* _TASK INSTRUCTIONS_:
Retype each entry exactly as written, and keep the pictures out of the copy.

__________________________________________________

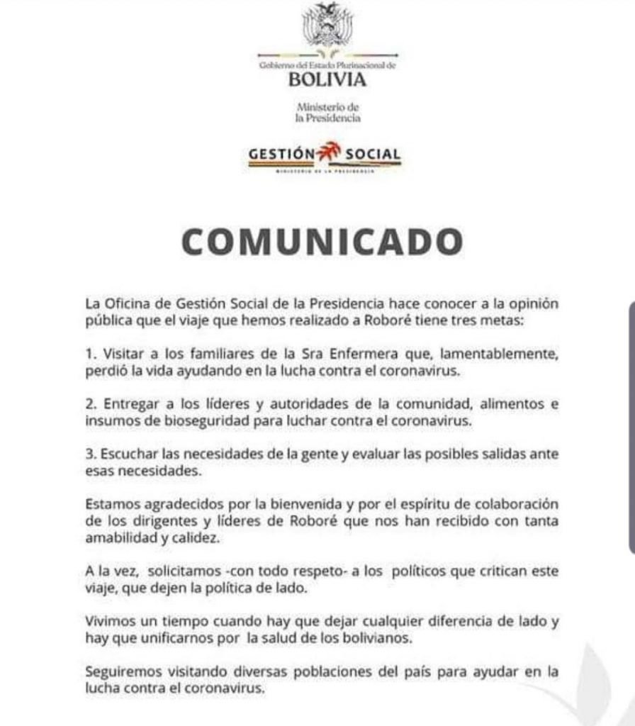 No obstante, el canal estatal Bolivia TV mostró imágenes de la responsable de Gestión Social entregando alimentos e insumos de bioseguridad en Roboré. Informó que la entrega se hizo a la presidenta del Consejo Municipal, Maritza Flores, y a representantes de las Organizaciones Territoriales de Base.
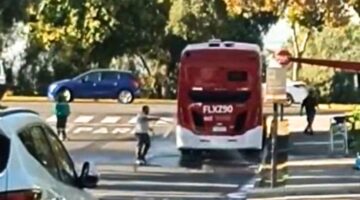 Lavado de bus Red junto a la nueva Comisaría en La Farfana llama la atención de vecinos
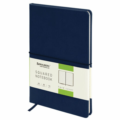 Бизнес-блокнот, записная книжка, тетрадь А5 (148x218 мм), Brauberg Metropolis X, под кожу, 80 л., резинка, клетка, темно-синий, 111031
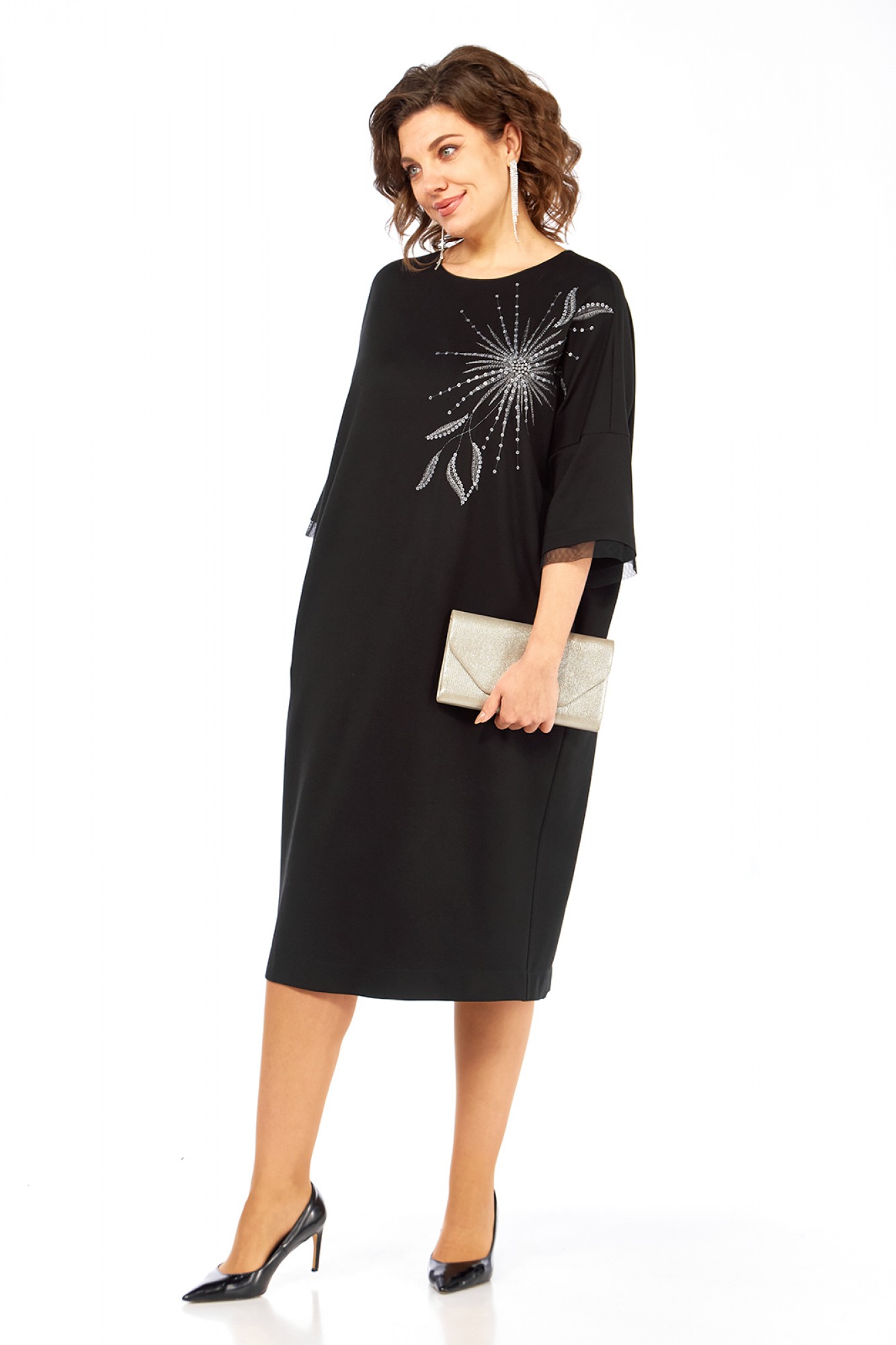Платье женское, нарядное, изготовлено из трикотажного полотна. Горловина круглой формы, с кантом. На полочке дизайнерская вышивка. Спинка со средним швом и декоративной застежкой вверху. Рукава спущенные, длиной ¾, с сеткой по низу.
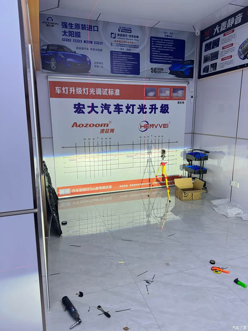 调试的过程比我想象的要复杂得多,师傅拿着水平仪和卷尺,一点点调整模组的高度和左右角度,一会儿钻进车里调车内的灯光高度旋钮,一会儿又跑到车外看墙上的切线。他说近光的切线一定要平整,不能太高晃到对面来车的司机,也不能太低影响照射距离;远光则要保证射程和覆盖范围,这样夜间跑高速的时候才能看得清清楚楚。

__________________________________________________

* _EXPECTED OUTPUT_:
 No obstante, el canal estatal Bolivia TV mostró imágenes de la responsable de Gestión Social entregando alimentos e insumos de bioseguridad en Roboré. Informó que la entrega se hizo a la presidenta del Consejo Municipal, Maritza Flores, y a representantes de las Organizaciones Territoriales de Base.
 Lavado de bus Red junto a la nueva Comisaría en La Farfana llama la atención de vecinos
 Бизнес-блокнот, записная книжка, тетрадь А5 (148x218 мм), Brauberg Metropolis X, под кожу, 80 л., резинка, клетка, темно-синий, 111031
Платье женское, нарядное, изготовлено из трикотажного полотна. Горловина круглой формы, с кантом. На полочке дизайнерская вышивка. Спинка со средним швом и декоративной застежкой вверху. Рукава спущенные, длиной ¾, с сеткой по низу.
 调试的过程比我想象的要复杂得多,师傅拿着水平仪和卷尺,一点点调整模组的高度和左右角度,一会儿钻进车里调车内的灯光高度旋钮,一会儿又跑到车外看墙上的切线。他说近光的切线一定要平整,不能太高晃到对面来车的司机,也不能太低影响照射距离;远光则要保证射程和覆盖范围,这样夜间跑高速的时候才能看得清清楚楚。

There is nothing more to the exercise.